The certificate may in particular be used to demonstrate one or more of the following:
- (a) the status or rights of each heir or, as the case may be, of each legatee named in the certificate and their shares in the estate;
- (b) to grant the heir (s) or, as the case may be, the heir (s) named in the certificate of the specific asset or assets forming part of the estate;
- (c) the rights of the person named in the certificate to execute the will or to administer the estate.
The authority to issue a certificate is usually the court with jurisdiction in succession matters or another body authorized to do so
The application for a certificate shall be submitted on an official form
The attestation has its effects in all Member States without requiring any particular procedure. It is presumed that the certificate correctly states the circumstances that have been established under the law applicable to the succession or other applicable law as regards the matter in question. It is presumed that the person mentioned in the certificate as the heir, legatee, executor of the will or administrator of the estate has the status mentioned in the certificate or has the rights or powers specified in the certificate without any conditions or restrictions regarding these rights or powers other than those specified in the certificate. It is presumed that any person who, acting on the basis of information certified in the certificate, makes a payment or who transfers items to the person indicated in the certificate as the person authorized to accept payments or items, has performed legal action with the person authorized to accept the payment or items, unless the person she knows that the content of the certificate is incorrect or is not aware of this irregularity due to gross negligence.
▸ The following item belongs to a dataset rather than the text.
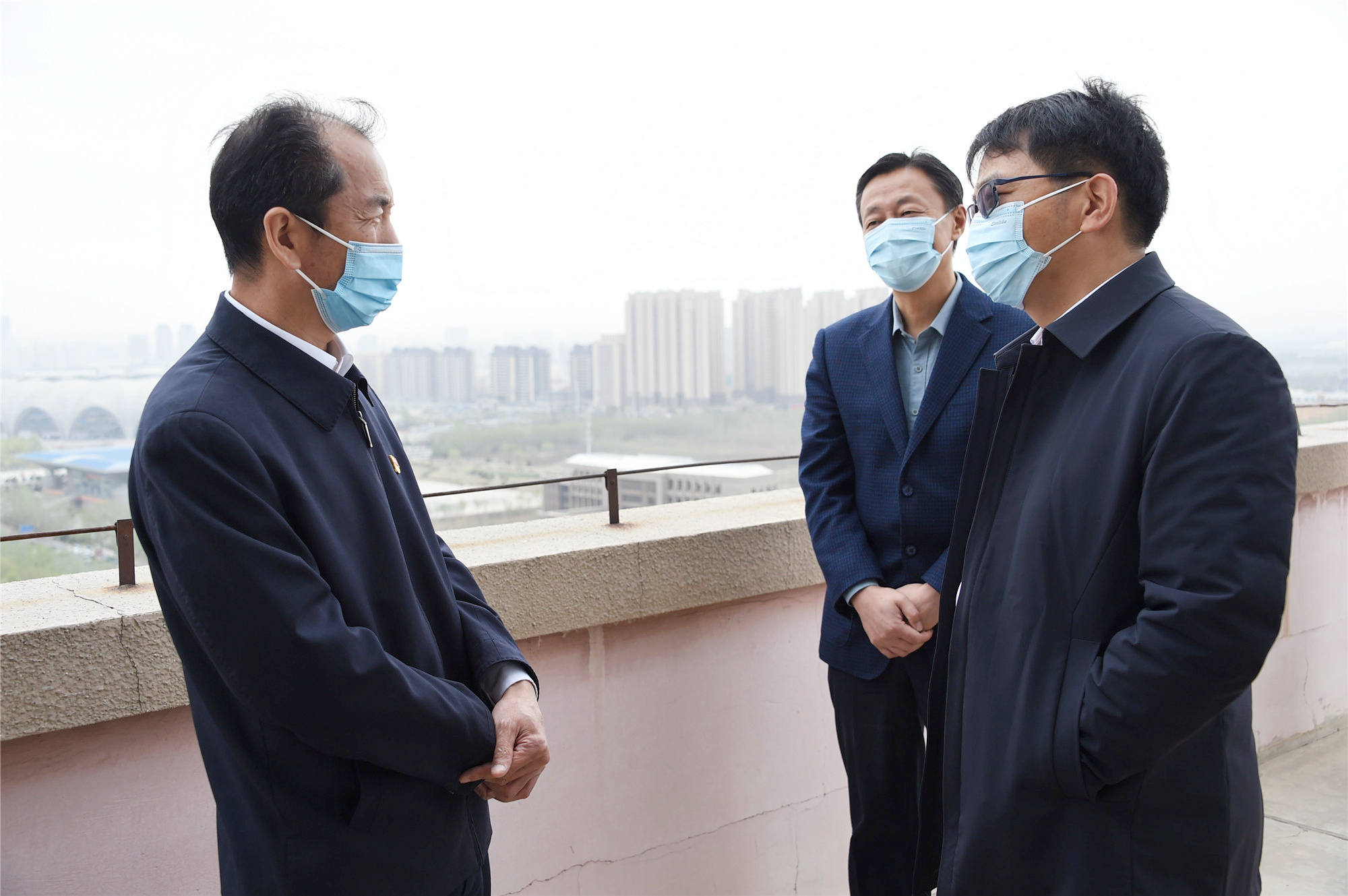 【beat365唯一官方网站新闻中心讯 龚旭峰 杨雯/文 龚旭峰/图】4月8日上午,银川市西夏区委书记、西夏区应对新冠肺炎疫情工作领导小组组长赫天江一行来校检查疫情防控工作。校长彭志科、副校长刘炎胜陪同检查。

In the event that the person mentioned in the certificate as the person authorized to dispose of the estate inherits the ordinance for the benefit of another person, it is presumed that this other person, if acting on the basis of the information certified in the certificate, has performed legal action with the person authorized to dispose of the property in question, unless that the person knows that the content of the certificate is incorrect or is not aware of this irregularity due to gross negligence. The certificate is a valid document for the purposes of entering inheritance property in the competent registry of a Member State.